TASK INPUTS:
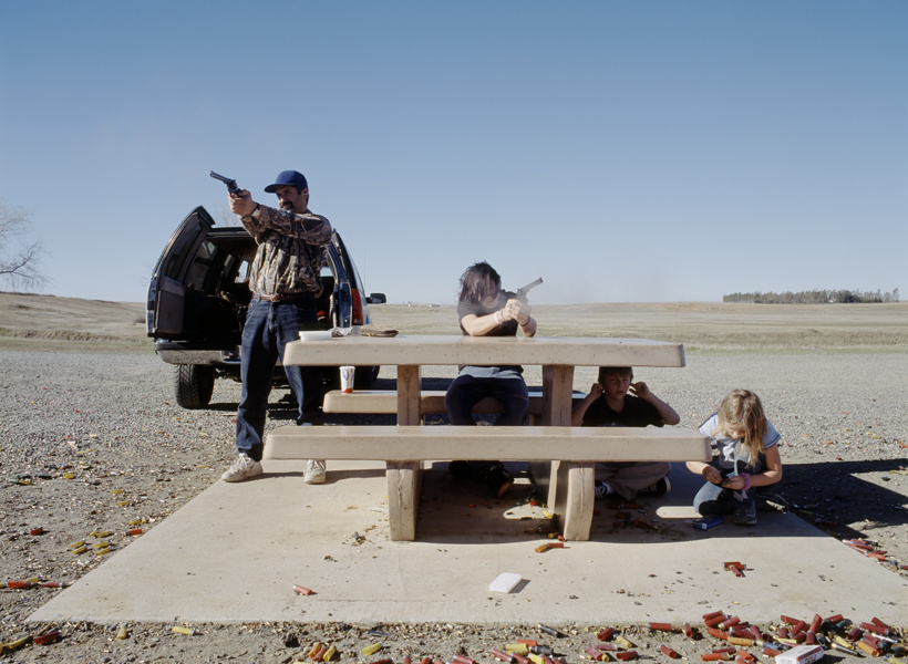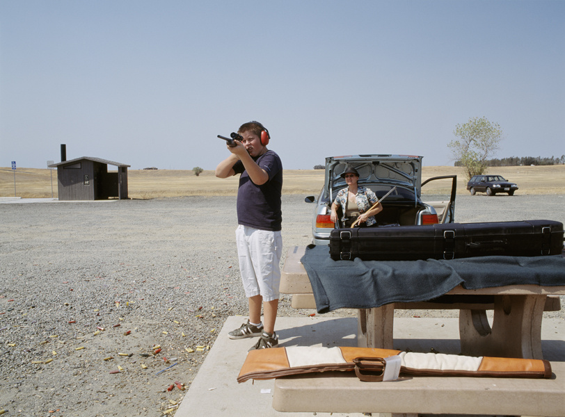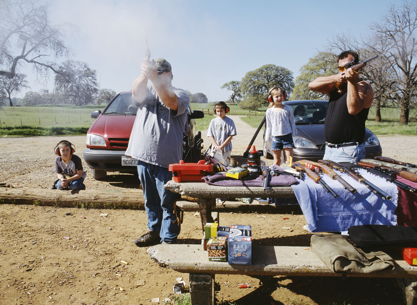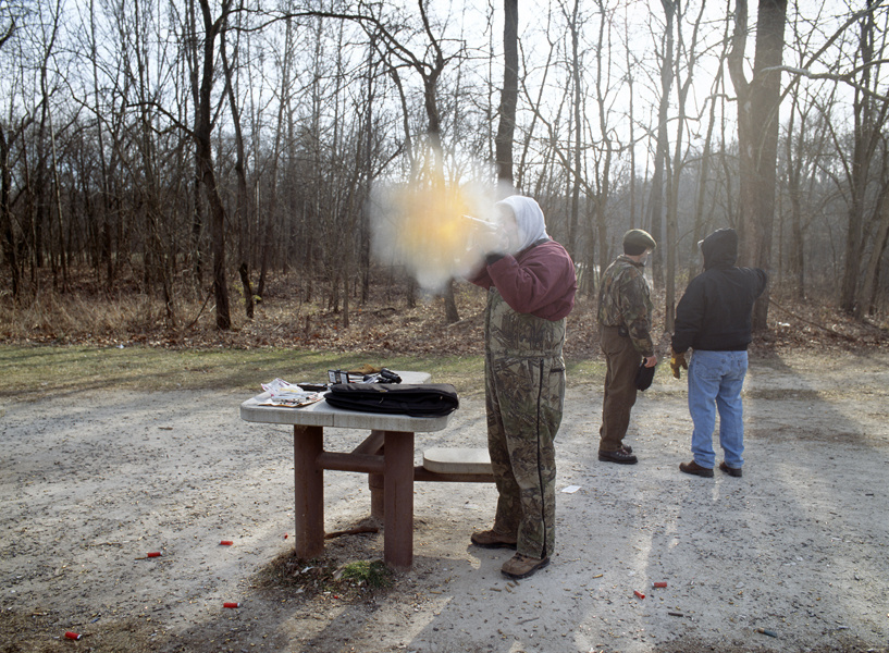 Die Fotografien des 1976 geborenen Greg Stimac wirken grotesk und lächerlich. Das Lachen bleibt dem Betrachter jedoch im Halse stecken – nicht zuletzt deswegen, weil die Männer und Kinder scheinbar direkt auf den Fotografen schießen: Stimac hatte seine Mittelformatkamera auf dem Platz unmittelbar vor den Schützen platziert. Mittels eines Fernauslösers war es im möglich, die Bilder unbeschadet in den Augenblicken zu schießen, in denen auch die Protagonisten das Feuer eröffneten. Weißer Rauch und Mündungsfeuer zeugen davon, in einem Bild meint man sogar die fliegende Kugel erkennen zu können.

...

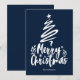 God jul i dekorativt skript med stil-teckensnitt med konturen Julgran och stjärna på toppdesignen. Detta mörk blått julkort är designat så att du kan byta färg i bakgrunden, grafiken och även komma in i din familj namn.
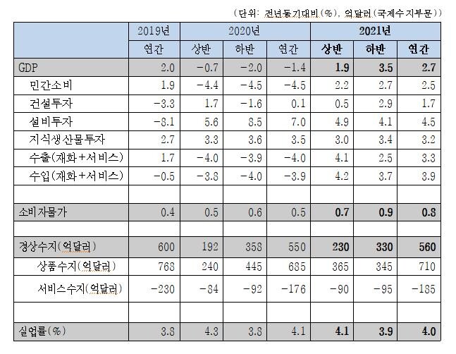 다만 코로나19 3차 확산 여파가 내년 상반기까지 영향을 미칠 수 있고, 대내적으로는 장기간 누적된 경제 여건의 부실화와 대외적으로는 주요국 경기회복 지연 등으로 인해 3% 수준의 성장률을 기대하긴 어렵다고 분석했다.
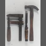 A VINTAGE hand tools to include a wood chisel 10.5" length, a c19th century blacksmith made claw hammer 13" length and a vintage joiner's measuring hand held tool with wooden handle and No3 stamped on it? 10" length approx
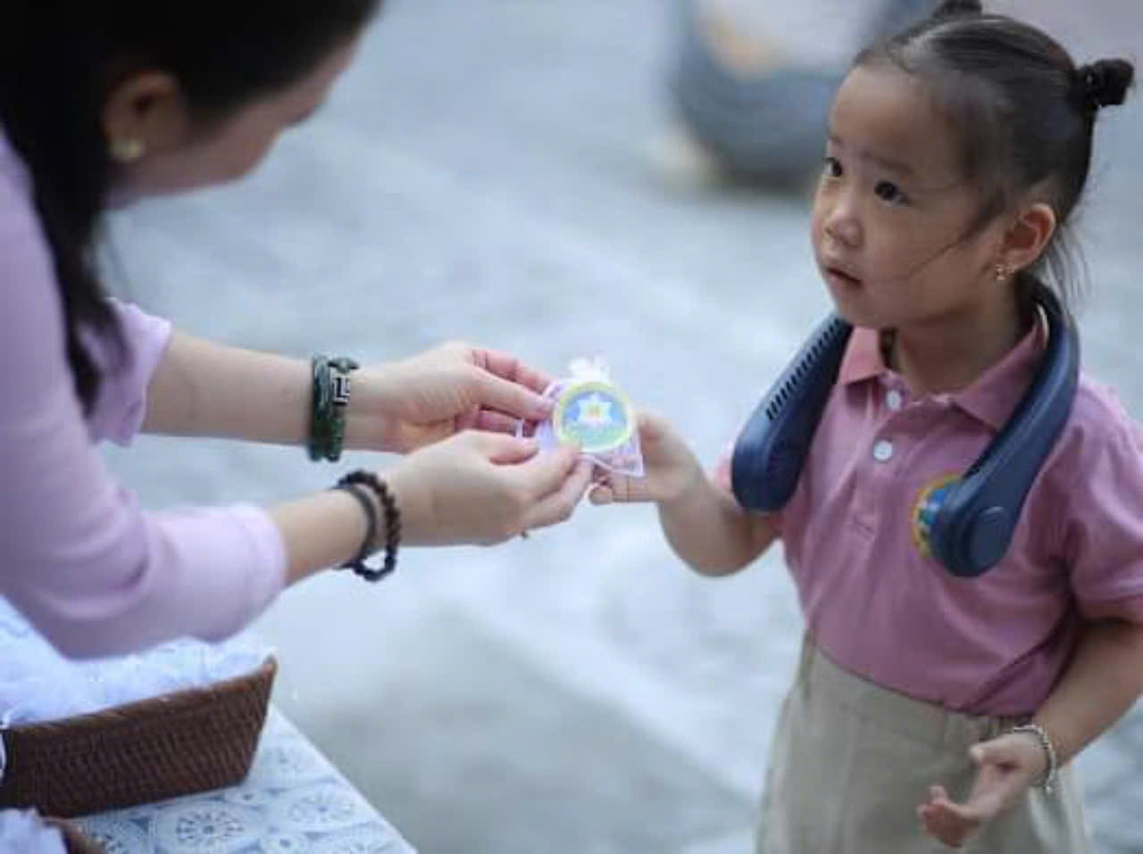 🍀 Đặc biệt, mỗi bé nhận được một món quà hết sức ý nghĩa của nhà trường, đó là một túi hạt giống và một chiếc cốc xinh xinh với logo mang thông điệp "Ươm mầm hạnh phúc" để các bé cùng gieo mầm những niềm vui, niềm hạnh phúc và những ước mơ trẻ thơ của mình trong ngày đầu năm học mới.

--

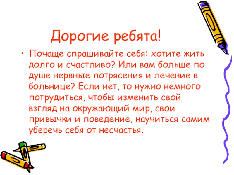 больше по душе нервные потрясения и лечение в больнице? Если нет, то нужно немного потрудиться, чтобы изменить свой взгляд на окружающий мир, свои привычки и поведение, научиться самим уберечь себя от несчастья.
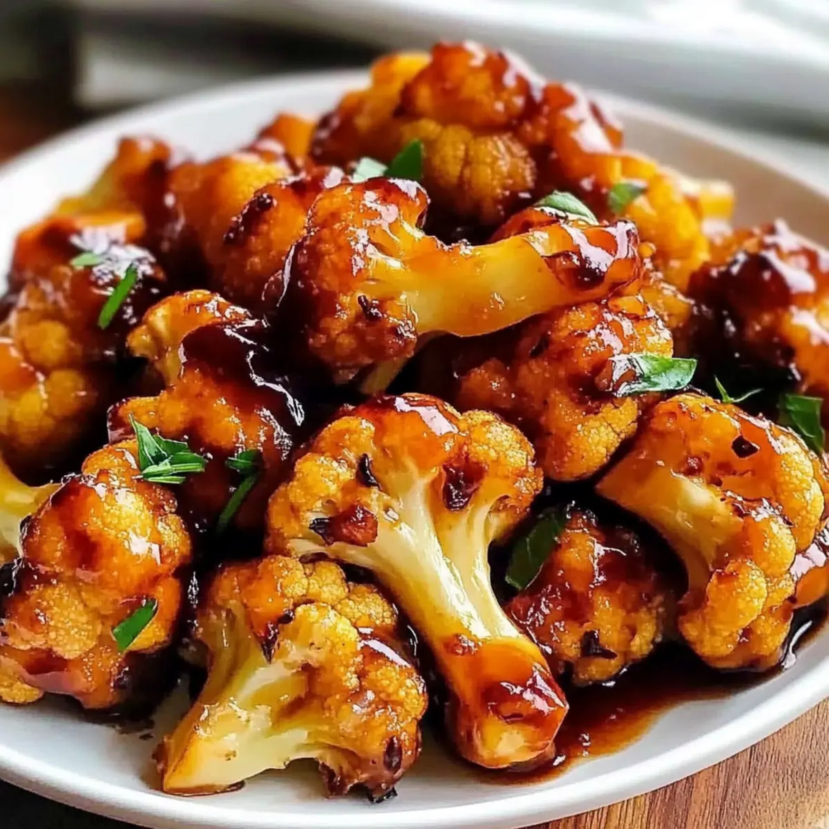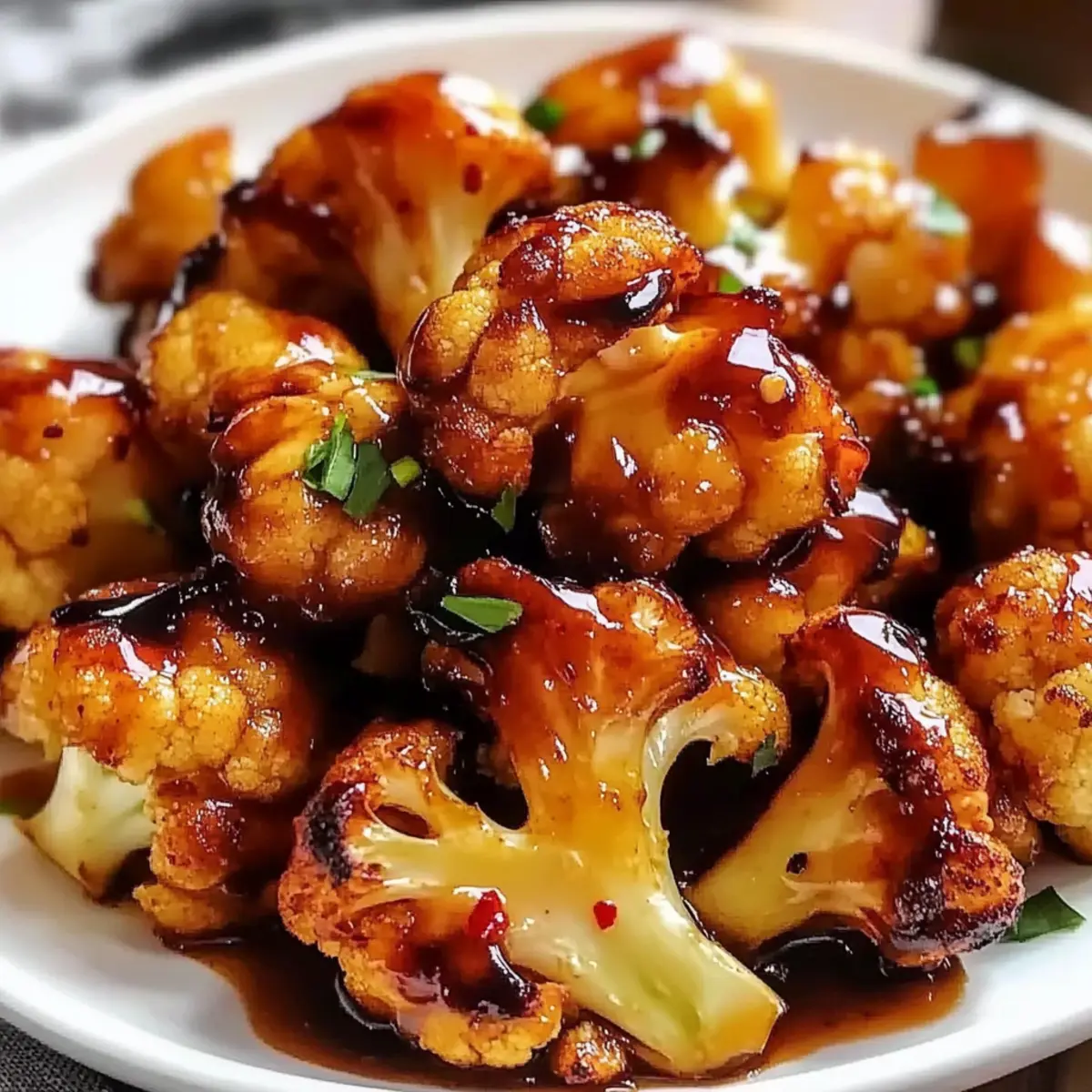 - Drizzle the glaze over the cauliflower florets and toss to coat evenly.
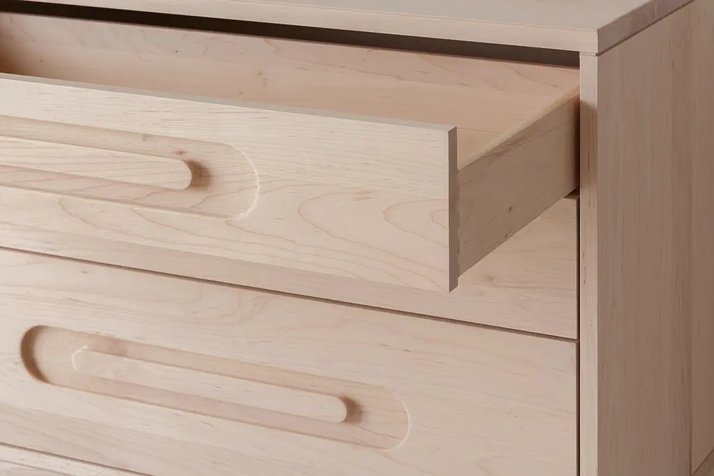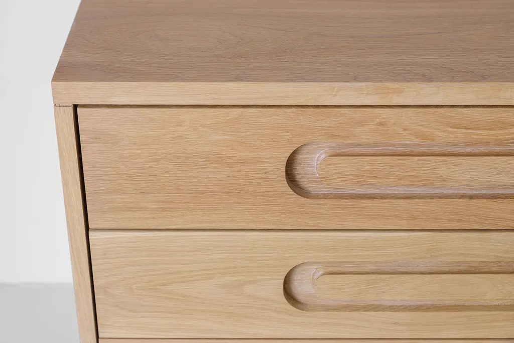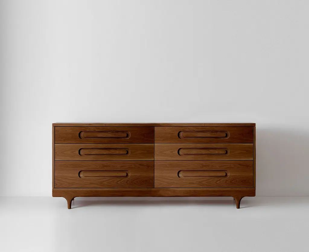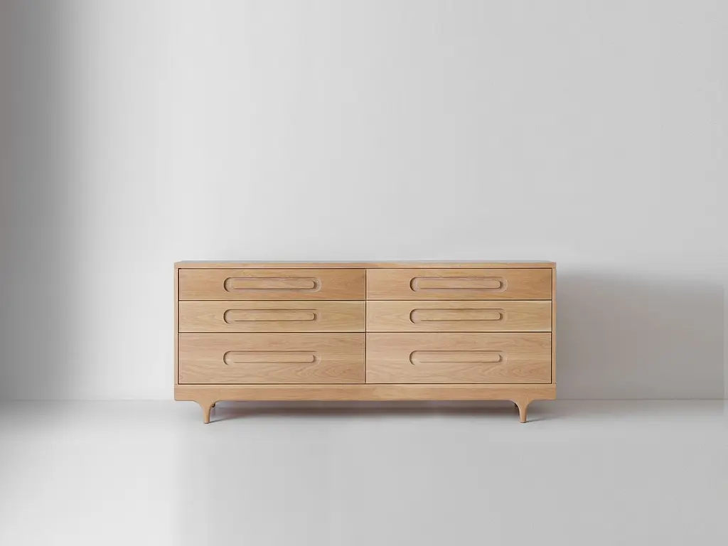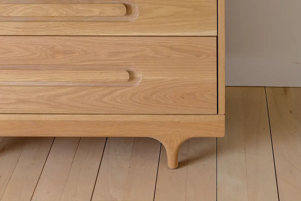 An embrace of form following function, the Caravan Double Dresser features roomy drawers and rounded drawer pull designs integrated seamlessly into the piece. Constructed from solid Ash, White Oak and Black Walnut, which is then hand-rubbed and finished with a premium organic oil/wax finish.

WORK ORDER: Reproduce the lines above starting at the one with "- Drizzle the" and ending at the one with "An embrace of", both included, exactly and with no pictures.

REPLY TO THE TASK:
 - Drizzle the glaze over the cauliflower florets and toss to coat evenly.
 An embrace of form following function, the Caravan Double Dresser features roomy drawers and rounded drawer pull designs integrated seamlessly into the piece. Constructed from solid Ash, White Oak and Black Walnut, which is then hand-rubbed and finished with a premium organic oil/wax finish.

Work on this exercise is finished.